Exactly reproduce the lines beginning with the line that includes "sexy girl with" and ending with the last line of the data.

BEGIN Supplied records

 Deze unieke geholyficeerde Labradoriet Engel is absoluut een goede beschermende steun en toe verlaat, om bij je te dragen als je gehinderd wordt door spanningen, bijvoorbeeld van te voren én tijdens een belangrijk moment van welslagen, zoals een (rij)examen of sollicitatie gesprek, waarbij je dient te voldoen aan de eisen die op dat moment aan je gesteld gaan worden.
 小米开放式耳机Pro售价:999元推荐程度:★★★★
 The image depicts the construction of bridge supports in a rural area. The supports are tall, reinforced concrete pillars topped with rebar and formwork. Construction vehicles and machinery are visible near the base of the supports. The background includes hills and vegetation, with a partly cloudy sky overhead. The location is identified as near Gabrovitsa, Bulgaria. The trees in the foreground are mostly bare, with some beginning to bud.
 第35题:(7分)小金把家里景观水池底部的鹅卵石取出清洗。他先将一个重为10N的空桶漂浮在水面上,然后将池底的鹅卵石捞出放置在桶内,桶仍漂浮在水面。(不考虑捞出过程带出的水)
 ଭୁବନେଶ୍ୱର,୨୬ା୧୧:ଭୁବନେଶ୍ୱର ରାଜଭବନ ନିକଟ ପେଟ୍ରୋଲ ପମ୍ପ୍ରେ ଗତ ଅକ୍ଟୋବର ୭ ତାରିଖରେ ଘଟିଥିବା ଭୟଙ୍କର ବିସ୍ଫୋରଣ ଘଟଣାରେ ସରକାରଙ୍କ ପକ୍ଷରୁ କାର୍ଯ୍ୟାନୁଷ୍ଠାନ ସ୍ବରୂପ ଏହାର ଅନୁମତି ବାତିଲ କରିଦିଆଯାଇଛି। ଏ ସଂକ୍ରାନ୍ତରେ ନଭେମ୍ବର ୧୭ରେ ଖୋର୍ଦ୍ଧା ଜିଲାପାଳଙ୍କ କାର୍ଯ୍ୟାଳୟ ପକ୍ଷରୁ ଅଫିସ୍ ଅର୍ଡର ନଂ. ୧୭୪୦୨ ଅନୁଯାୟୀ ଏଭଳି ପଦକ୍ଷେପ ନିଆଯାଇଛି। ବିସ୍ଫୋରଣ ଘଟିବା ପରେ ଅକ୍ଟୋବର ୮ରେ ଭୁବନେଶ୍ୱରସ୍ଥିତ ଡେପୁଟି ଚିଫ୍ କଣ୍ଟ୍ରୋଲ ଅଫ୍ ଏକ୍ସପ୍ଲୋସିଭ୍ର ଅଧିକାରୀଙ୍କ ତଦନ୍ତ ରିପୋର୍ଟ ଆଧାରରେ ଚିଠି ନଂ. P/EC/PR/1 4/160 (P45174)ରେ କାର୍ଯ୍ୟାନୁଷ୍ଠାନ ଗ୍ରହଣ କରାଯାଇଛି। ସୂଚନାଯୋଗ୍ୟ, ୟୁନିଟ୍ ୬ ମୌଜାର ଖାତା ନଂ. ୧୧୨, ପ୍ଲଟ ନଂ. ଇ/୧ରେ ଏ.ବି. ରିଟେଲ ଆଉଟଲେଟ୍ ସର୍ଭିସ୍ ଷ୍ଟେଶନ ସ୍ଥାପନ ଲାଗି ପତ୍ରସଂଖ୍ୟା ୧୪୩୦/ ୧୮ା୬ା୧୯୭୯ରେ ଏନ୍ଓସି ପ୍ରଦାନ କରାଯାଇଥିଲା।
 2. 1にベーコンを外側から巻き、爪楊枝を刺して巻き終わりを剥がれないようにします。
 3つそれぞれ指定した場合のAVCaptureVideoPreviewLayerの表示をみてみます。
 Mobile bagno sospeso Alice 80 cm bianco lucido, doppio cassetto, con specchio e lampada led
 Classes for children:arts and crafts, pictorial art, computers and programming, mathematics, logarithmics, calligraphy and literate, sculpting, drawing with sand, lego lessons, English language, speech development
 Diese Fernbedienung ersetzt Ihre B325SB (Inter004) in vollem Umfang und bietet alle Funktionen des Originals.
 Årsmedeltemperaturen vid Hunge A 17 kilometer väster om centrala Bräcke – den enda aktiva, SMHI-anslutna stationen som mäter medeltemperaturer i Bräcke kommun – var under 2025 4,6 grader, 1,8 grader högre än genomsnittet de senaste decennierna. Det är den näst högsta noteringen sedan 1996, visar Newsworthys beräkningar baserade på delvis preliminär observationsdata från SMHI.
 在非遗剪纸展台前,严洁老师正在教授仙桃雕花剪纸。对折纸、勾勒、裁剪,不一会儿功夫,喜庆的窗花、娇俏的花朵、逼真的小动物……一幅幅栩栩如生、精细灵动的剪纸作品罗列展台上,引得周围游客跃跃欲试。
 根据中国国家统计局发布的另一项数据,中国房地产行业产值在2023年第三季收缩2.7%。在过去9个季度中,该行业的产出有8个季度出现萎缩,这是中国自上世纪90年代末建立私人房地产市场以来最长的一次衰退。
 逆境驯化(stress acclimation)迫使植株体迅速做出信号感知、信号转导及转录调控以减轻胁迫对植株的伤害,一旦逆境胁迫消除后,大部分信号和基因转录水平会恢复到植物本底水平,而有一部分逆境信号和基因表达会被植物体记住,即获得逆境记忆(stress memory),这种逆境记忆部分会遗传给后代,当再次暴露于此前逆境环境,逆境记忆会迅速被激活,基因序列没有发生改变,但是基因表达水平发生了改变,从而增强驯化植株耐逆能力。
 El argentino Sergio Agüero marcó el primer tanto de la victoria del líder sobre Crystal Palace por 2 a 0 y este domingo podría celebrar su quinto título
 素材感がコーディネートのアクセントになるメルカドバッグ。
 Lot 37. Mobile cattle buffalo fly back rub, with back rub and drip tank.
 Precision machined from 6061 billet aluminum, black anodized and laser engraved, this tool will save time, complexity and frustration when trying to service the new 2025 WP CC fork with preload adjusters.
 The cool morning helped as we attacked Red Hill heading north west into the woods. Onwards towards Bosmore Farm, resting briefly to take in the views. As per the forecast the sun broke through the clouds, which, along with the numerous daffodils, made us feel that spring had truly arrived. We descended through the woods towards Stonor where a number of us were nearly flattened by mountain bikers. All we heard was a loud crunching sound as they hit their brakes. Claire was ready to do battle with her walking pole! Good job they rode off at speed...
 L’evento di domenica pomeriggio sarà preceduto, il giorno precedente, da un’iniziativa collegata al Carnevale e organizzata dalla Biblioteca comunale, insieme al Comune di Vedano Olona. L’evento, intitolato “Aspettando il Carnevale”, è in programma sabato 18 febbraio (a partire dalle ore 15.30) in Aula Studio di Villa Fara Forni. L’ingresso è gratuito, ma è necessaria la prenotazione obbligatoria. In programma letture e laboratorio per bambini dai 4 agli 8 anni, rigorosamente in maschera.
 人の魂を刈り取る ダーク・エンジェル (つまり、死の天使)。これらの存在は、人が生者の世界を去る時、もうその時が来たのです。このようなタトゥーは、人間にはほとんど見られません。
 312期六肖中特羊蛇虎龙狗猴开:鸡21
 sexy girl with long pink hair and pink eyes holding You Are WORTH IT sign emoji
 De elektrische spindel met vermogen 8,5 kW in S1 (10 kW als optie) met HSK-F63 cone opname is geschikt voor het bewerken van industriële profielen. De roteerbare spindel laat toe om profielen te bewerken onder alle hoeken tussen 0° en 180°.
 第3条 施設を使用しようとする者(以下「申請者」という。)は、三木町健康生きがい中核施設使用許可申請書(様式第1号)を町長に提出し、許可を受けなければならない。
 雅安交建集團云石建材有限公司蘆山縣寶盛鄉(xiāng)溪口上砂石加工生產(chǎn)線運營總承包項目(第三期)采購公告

END Supplied records

▸ Solution to this task
 sexy girl with long pink hair and pink eyes holding You Are WORTH IT sign emoji
 De elektrische spindel met vermogen 8,5 kW in S1 (10 kW als optie) met HSK-F63 cone opname is geschikt voor het bewerken van industriële profielen. De roteerbare spindel laat toe om profielen te bewerken onder alle hoeken tussen 0° en 180°.
 第3条 施設を使用しようとする者(以下「申請者」という。)は、三木町健康生きがい中核施設使用許可申請書(様式第1号)を町長に提出し、許可を受けなければならない。
 雅安交建集團云石建材有限公司蘆山縣寶盛鄉(xiāng)溪口上砂石加工生產(chǎn)線運營總承包項目(第三期)采購公告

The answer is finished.